Empowering the evolution of mRNA vaccines
We believe, the next-generation of mRNA vaccines will require a diverse set of new technologies improving or potentially reinventing all product aspects – the mRNA design, the composition of the delivery vehicle, new ways to administer them, and distribute them safely across the globe. At 20Med Therapeutics, we strive to develop polymeric nanoparticles (PNPs) as the leading alternative strategy to LNP-based delivery of mRNA vaccines.
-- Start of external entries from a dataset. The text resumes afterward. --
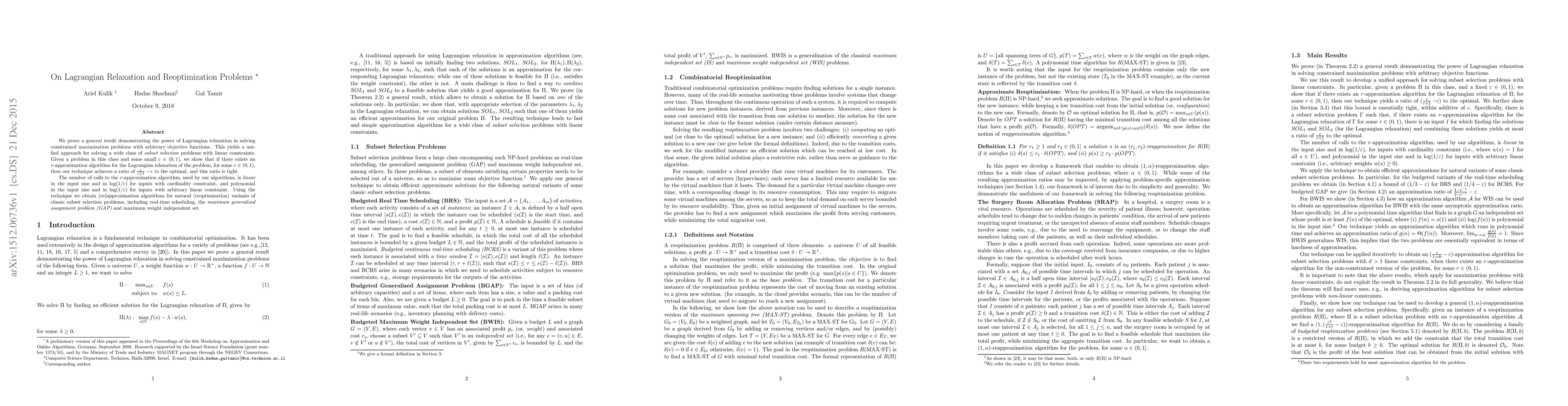 We prove a general result demonstrating the power of Lagrangian relaxation in solving constrained maximization problems with arbitrary objective functions. This yields a unified approach for solving a wide class of {\em subset selection} problems with linear constraints. Given a problem in this class and some small $\eps \in (0,1)$, we show that if there exists an $r$-approximation algorithm for the Lagrangian relaxation of the problem, for some $r \in (0,1)$, then our technique achieves a ratio of $\frac{r}{r+1} -\! \eps$ to the optimal, and this ratio is tight. The number of calls to the $r$-approximation algorithm, used by our algorithms, is {\em linear} in the input size and in $\log (1 / \eps)$ for inputs with cardinality constraint, and polynomial in the input size and in $\log (1 / \eps)$ for inputs with arbitrary linear constraint. Using the technique we obtain (re)approximation algorithms for natural (reoptimization) variants of classic subset selection problems, including real-time scheduling, the {\em maximum generalized assignment problem (GAP)} and maximum weight independent set.
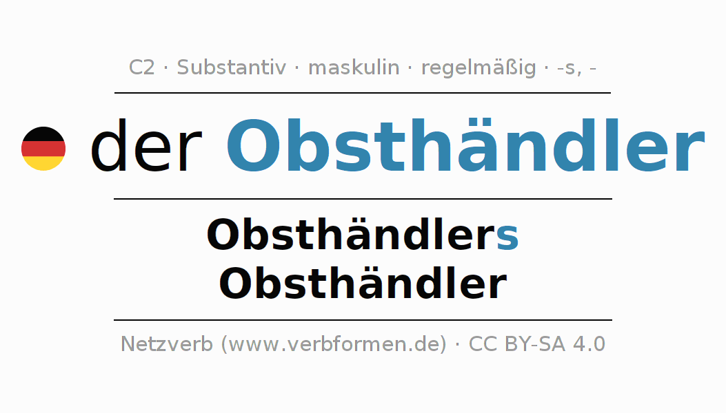 - Singular: der Obsthändler, des Obsthändlers, dem Obsthändler, den Obsthändler
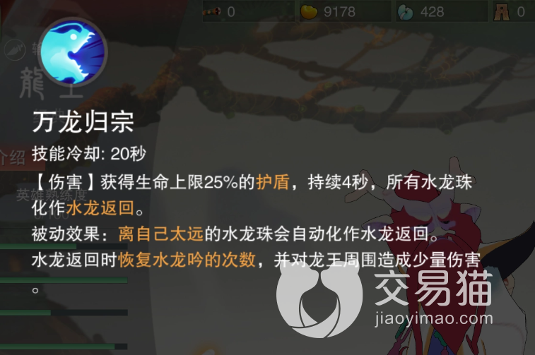 最后的三技能“万龙归宗”则是一个攻防兼顾的技能,它在使用后会直接为龙王自己生成相当于25%生命上限的护盾,并且所有水龙珠都会在之后化作水龙返回,返回之后它们不仅可以增加水龙吟的使用次数,而且还能在到达龙王附近时对周围敌人造成可观的伤害。
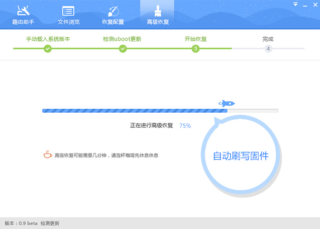 强大的恢复模式,固件更新、路由恢复、系统升级、自动uboot刷机,自动配置网卡信息,一键完成轻松搞定
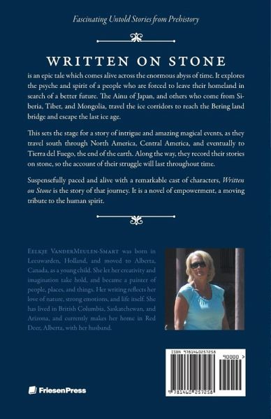 Written on Stone is an epic tale which comes alive across the enormous abyss of time. It explores the psyche and spirit of a people who are forced to leave their homeland in search of a better future. The Ainu of Japan, and others who come from Siberia, Tibet, and Mongolia, travel the ice corridors to reach the Bering land bridge and escape the last ice age. This sets the stage for a story of intrigue and amazing magical events, as they travel south through North America, Central America, and eventually to Tierra del Fuego, the end of the earth. Along the way, they record their stories on stone, so the account of their struggle will last throughout time. Suspensefully paced and alive with a remarkable cast of characters, Written on Stone is the story of that journey. It is a novel of empowerment, a moving tribute to the human spirit.
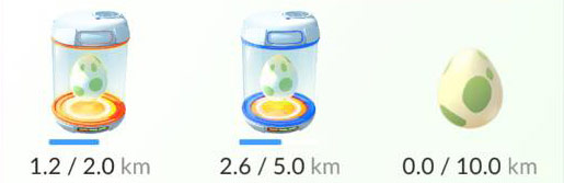 Pokemon Egg - ไข่โปเกมอนที่มีวิธีการฟักไข่คือ การเดินตามระยะทางที่กำหนด โดยไข่โปเกมอนจะแบ่งออกตามระยะทาง คือ 2 กิโลเมตร, 5 กิโลเมตร และ 10 กิโลเมตร
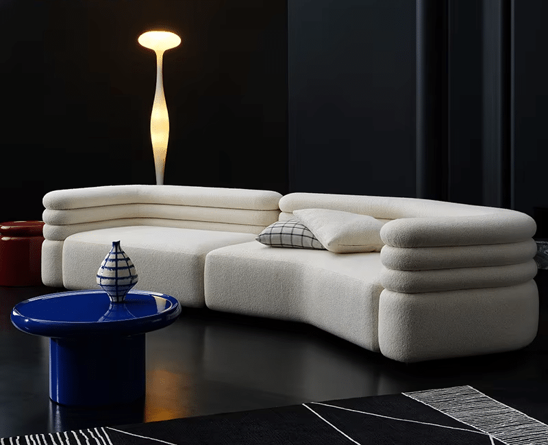 Velvet Curved Modular Sofa with Solid Wood Frame – Wabi-Sabi Style – Three-Seater – Neutral
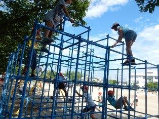 桜の木陰になるジャングルジム。ひなたに比べるととても涼しいです。
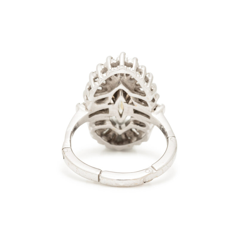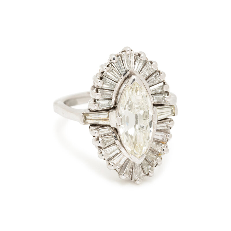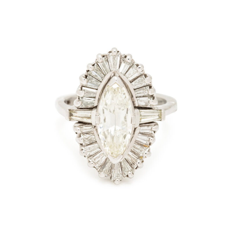 One modified marquise brilliant cut diamond weighing 1.43 carats and tapered baguette cut diamonds weighing approximately 1.25 carats total. White gold. Ring size 7 1/4.
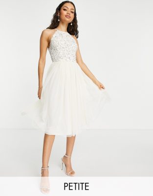 Maya Petite - Bruidsmeisjes - Midi-jurk met bardothals en tule in ecru met fijne lovertjes in dezelfde tint
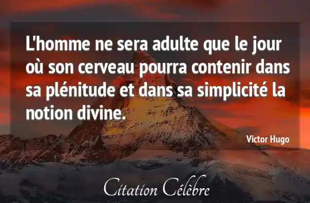 L'homme ne sera adulte que le jour où son cerveau pourra contenir dans sa plénitude et dans sa simplicité la notion divine.
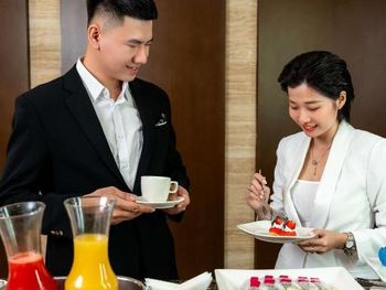 Забронировали отель с целью отдыха на 2 ночи, оплатили отель наличными. Сотрудник на ресепшене начала искать в паспортах нашу визу, хотя у нас есть TRC карта для временного проживания во Вьетнаме ( естественно виза была в паспорте уже просрочена), начались вопросы непонятные о том где виза, хотя мы предложили показать им свою карту TRC. Удивило что сотрудники взяли полномочия пограничной службы)) Далее нам озвучили стоимость на 500.000 vnd выше указанной суммы (бронь и персональную скидку предоставляем именно Booking.com), начали требовать депозит, хотя в правилах отеля нигде не прописана данная информация. Когда нам выдали ключи, нам не предложили проводить и сопроводить багаж до номера( тк в отеле впервые, мы не знали куда идти), пришлось попросить их , только тогда нас сопроводили.

PNPs differ from their LNP counterparts in central biophysiological aspects like cell uptake, endosomal escape, and mRNA release, which could unlock several valuable product characteristics.
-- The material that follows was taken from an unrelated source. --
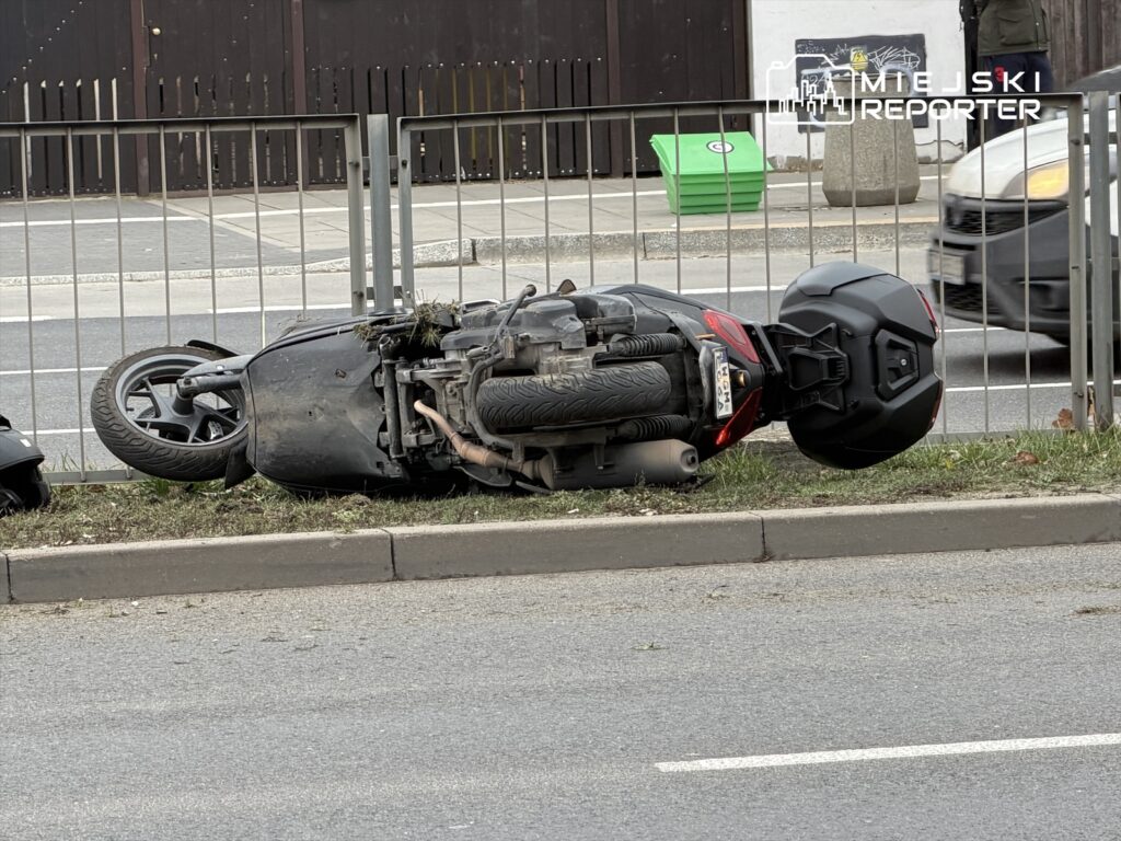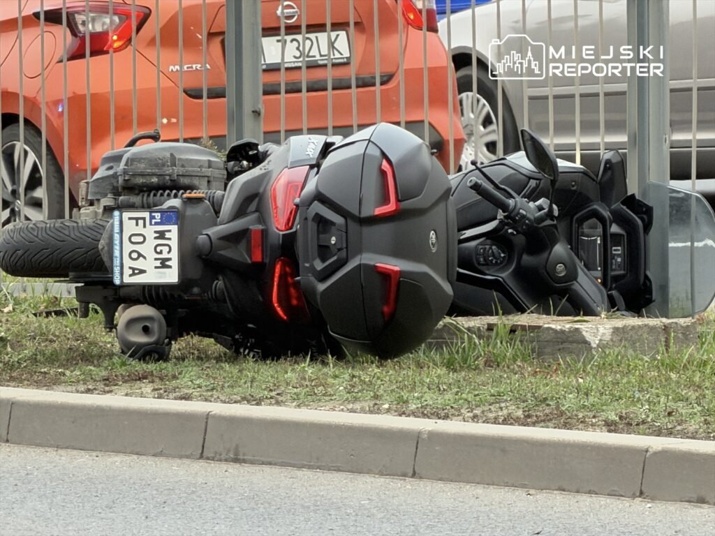Kierujący motocyklem został przetransportowany do szpitala z urazem klatki piersiowej. Na miejscu pracowała policja, która prowadziła dalsze czynności i zabezpieczała pojazd.
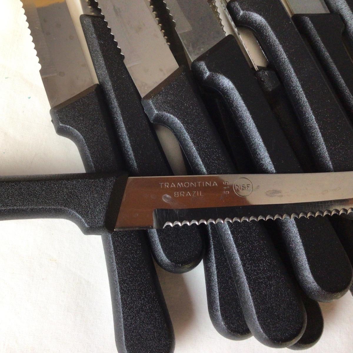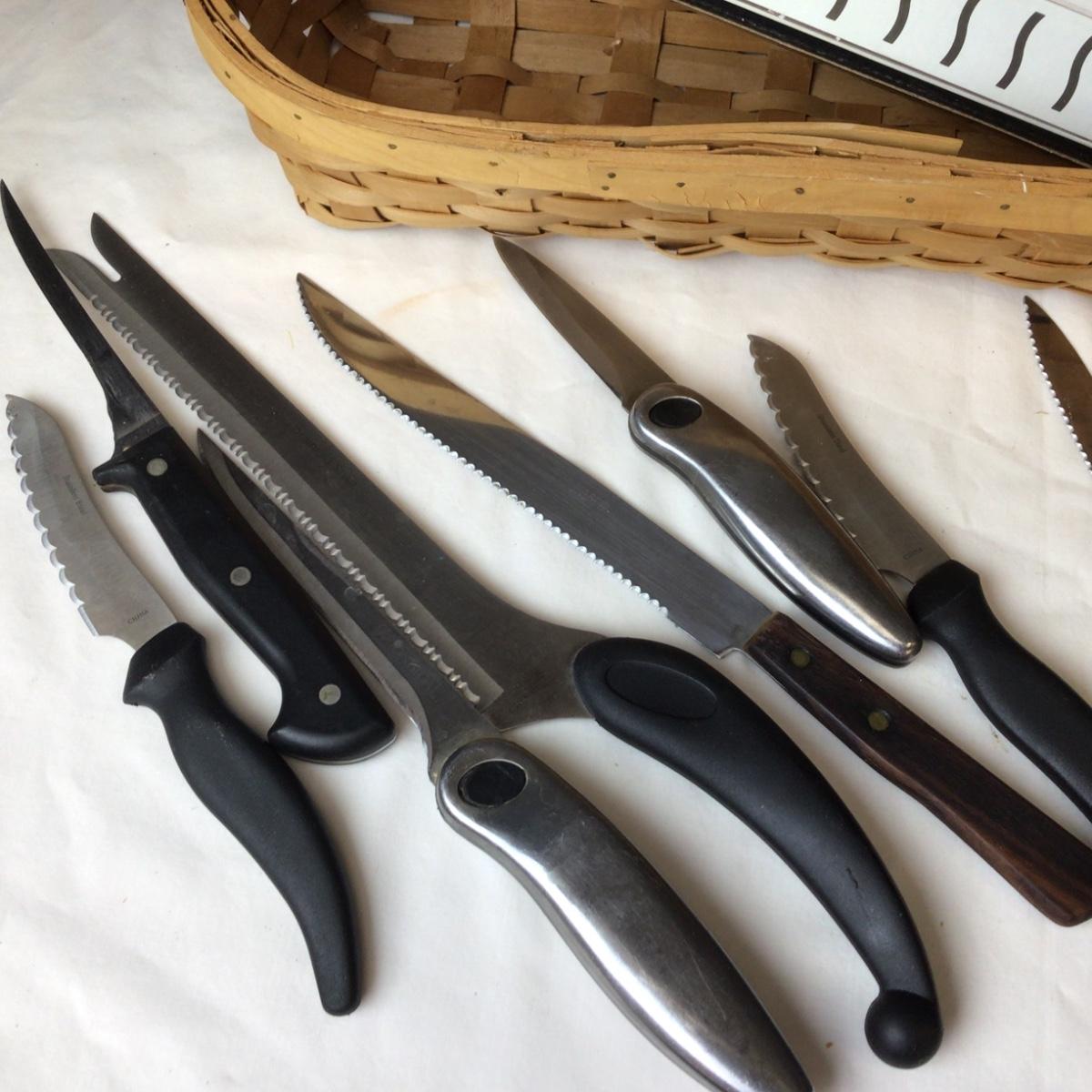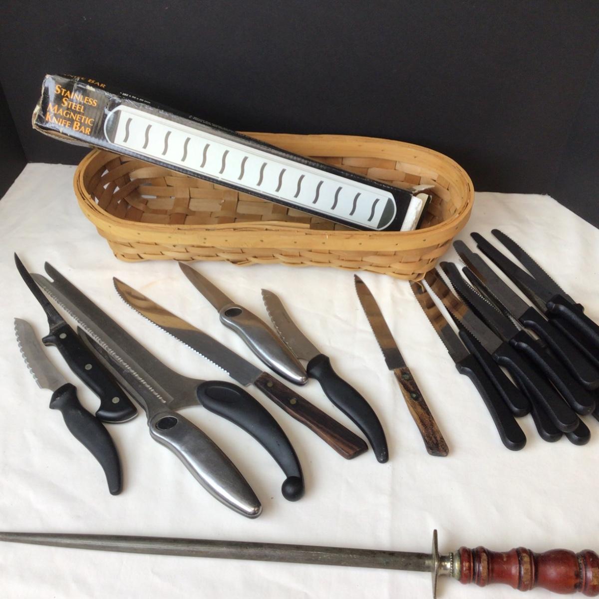Assorted kitchen prep knives, steak knives and magnetic knife bar with basket.

Applying Leading Biomaterial Science to Infectious Diseases
20Med’s polymeric nanoparticles represent a flexible plug-and-play technology that can be combined with different mRNA’s allowing for fast adaptation to seasonal virus strains and fast reaction times to improve global pandemic preparedness. Our goal is to extend the benefits of mRNA-based vaccines and medicines from their initial success during the pandemic to the entire range of infectious diseases.
Our PNPs have fundamental benefits as a vaccine delivery platform for mRNA vaccines, including:
Easy to manufacture
Scalable and reproducible
Unique IP position
As a first step, we have partnered with the Coalition for Epidemic Preparedness Innovations (CEPI) to develop thermostable vaccines for influenza, tackling one of the barriers to wider application and distribution of mRNA-based vaccines using LNPs.
20Med Preclinical Safety and Efficacy Data Available
20Med has successfully concluded preclinical studies and generated in vivo data demonstrating that polymeric nanoparticles can efficiently deliver influenza hemagglutinin mRNA and elicit protective immune responses in an established animal model. Our nanoparticle-based vaccine program elicited strong humoral and cellular immune responses. Upon virus challenge, vaccinated animals exhibited reduced clinical symptoms and virus load compared to unvaccinated control animals.
We aim to publish the full data set in a peer-reviewed journal in 2024.